## What to produce
Please restate the data that follows word for word, with the pictures left out.

## Collected data
- - - - -

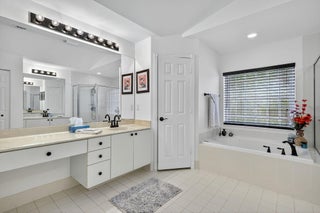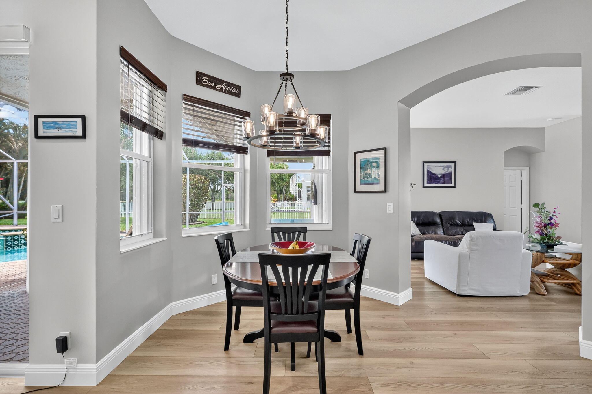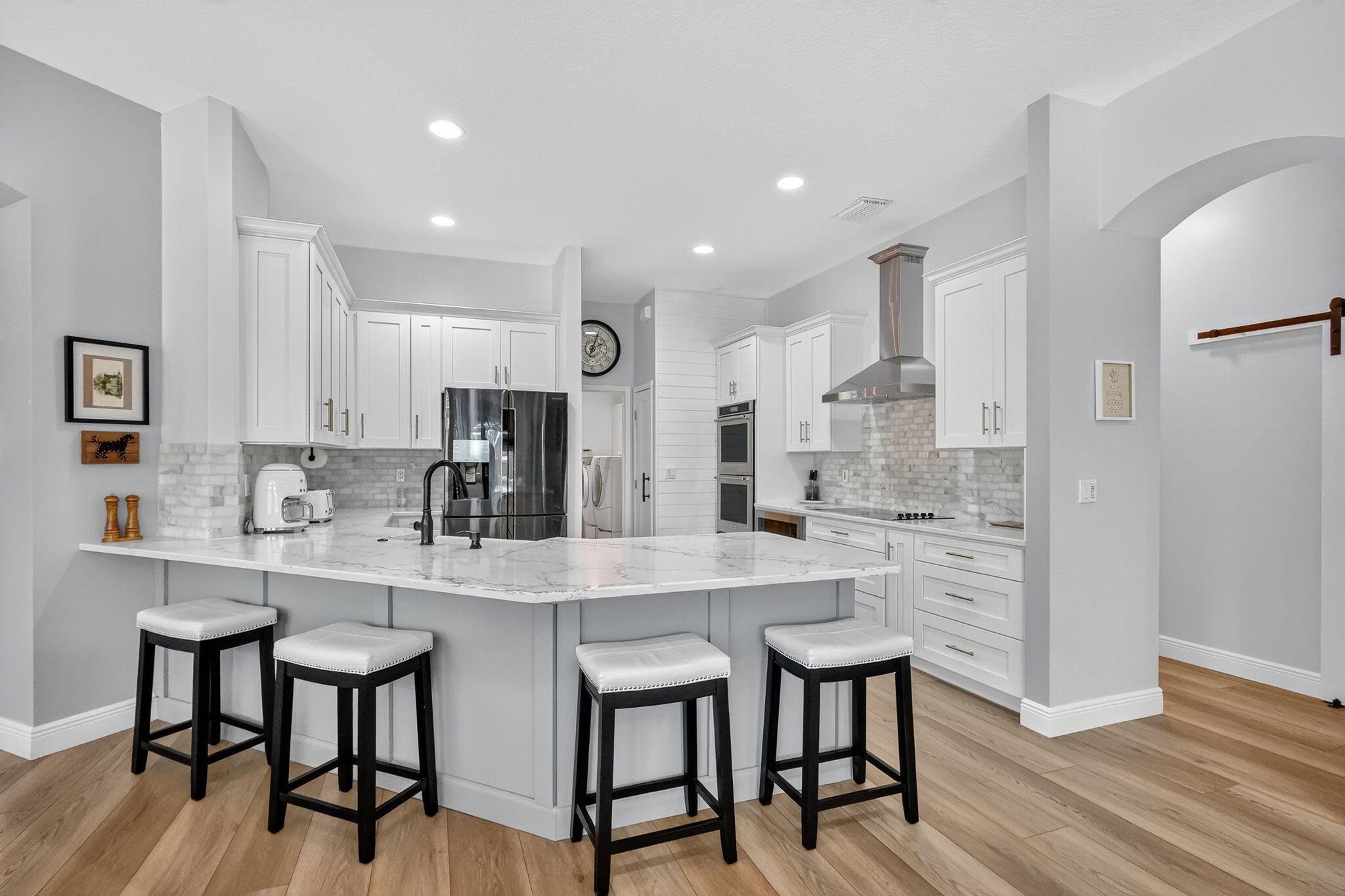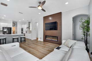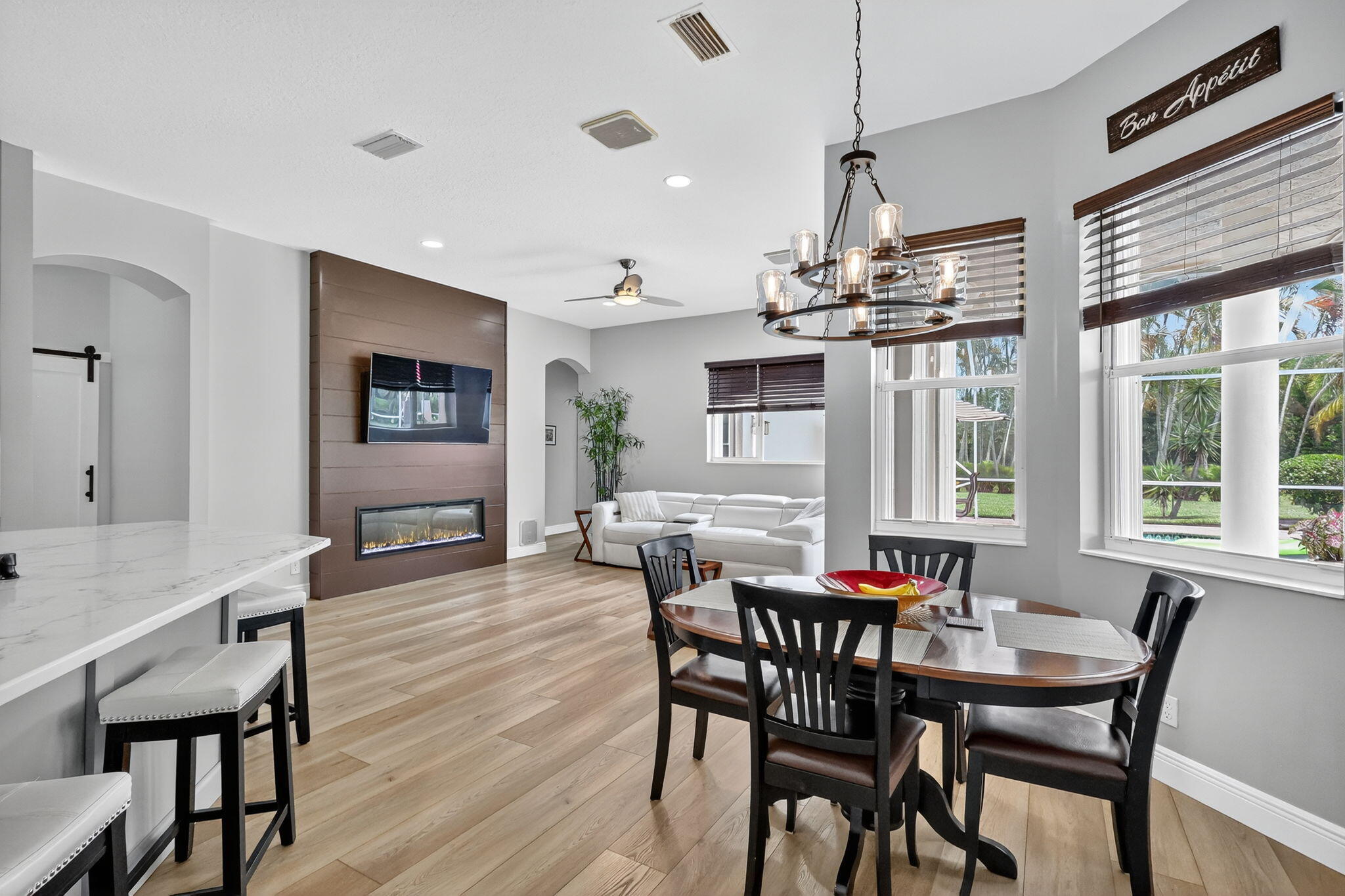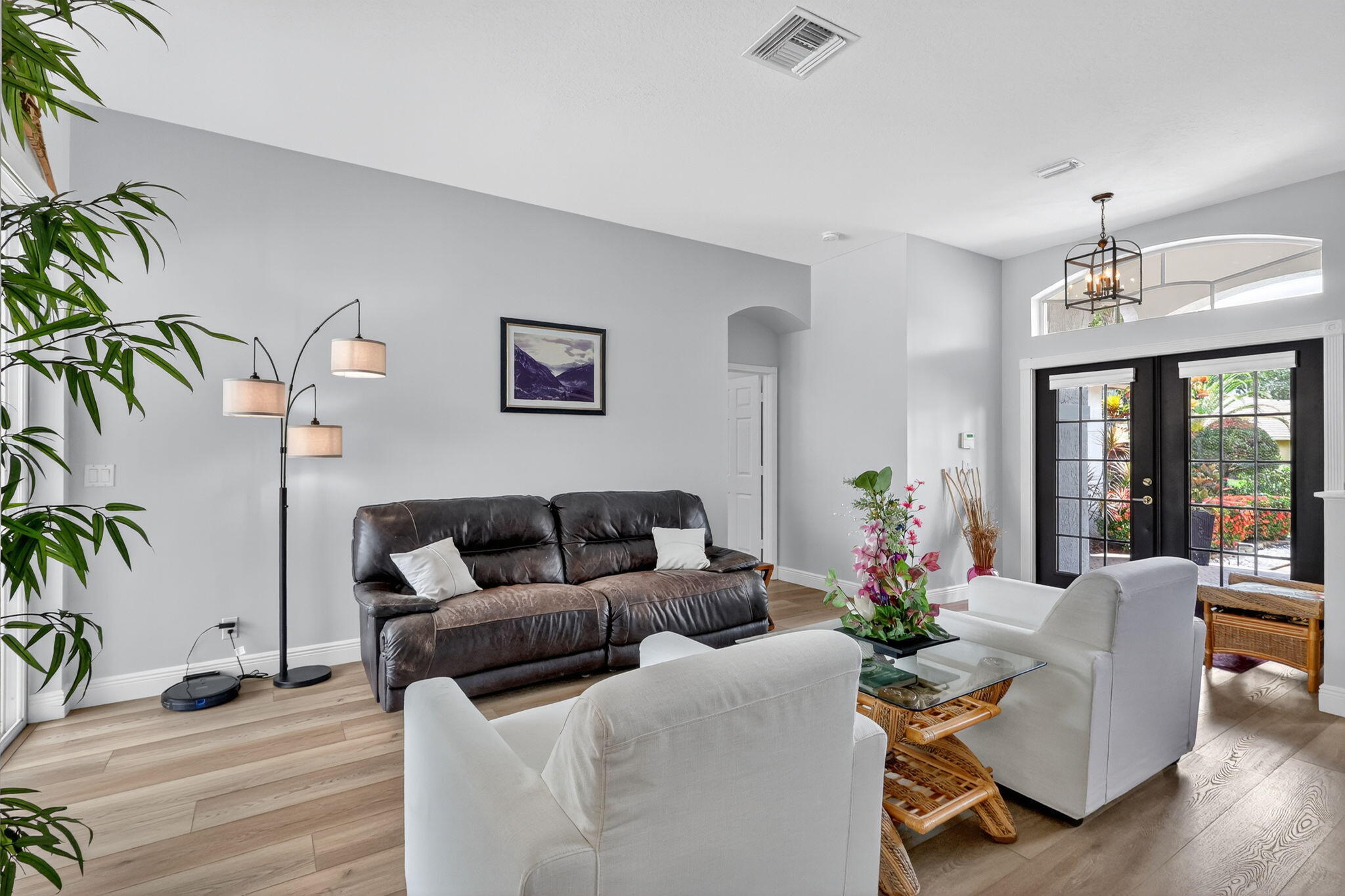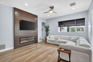 This is the ONE! Elegant and spacious, this 4 bedroom, 3 full bathroom, one story pool home sits on an oversized 1/3 + acre lot with a sparkling salt water pool and spa, large screened in patio that backs to the 18th fairway of Hammock Creek Golf course. It features a newer roof (2020), accordion shutters, exquisitely renovated open kitchen (2024) complete with double oven. The family room showcases a custom wall with mounted electric fireplace and TV. Luxury vinyl plank flooring throughout the main areas and bedrooms, plenty of natural light, with high end finishes. Split floorplan affords privacy, large primary bedroom and bathroom and a cabana bath. No Carpet! The Sanctuary has a private gate. Hammock Creek has no mandatory membership! Jack Nicklaus legacy design 18 hole course.
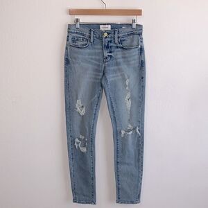 Frame Le Garçon Distressed Beldon Rips Cropped Straight Leg Jeans Sz 24
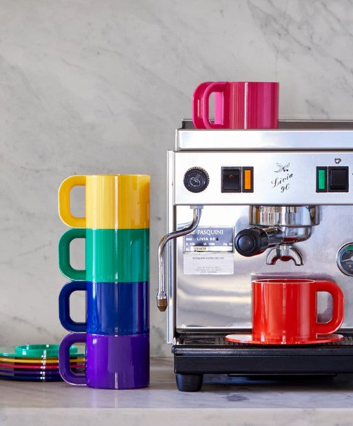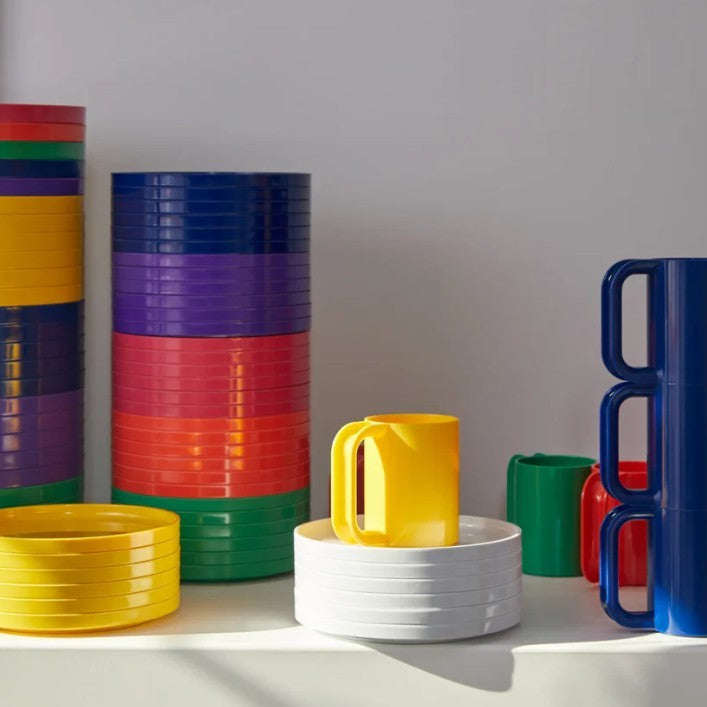 Stackable, colorful, and fun – when you look at this sleek stacking dinnerware you can’t help but smile. Loved worldwide, the Max Collection was designed by Lella and Massimo Vignelli, who The New York Times described as “a two-person design army with a shared aesthetic that was sleek and intelligent.”

- - - - -

## Response below
 This is the ONE! Elegant and spacious, this 4 bedroom, 3 full bathroom, one story pool home sits on an oversized 1/3 + acre lot with a sparkling salt water pool and spa, large screened in patio that backs to the 18th fairway of Hammock Creek Golf course. It features a newer roof (2020), accordion shutters, exquisitely renovated open kitchen (2024) complete with double oven. The family room showcases a custom wall with mounted electric fireplace and TV. Luxury vinyl plank flooring throughout the main areas and bedrooms, plenty of natural light, with high end finishes. Split floorplan affords privacy, large primary bedroom and bathroom and a cabana bath. No Carpet! The Sanctuary has a private gate. Hammock Creek has no mandatory membership! Jack Nicklaus legacy design 18 hole course.
 Frame Le Garçon Distressed Beldon Rips Cropped Straight Leg Jeans Sz 24
 Stackable, colorful, and fun – when you look at this sleek stacking dinnerware you can’t help but smile. Loved worldwide, the Max Collection was designed by Lella and Massimo Vignelli, who The New York Times described as “a two-person design army with a shared aesthetic that was sleek and intelligent.”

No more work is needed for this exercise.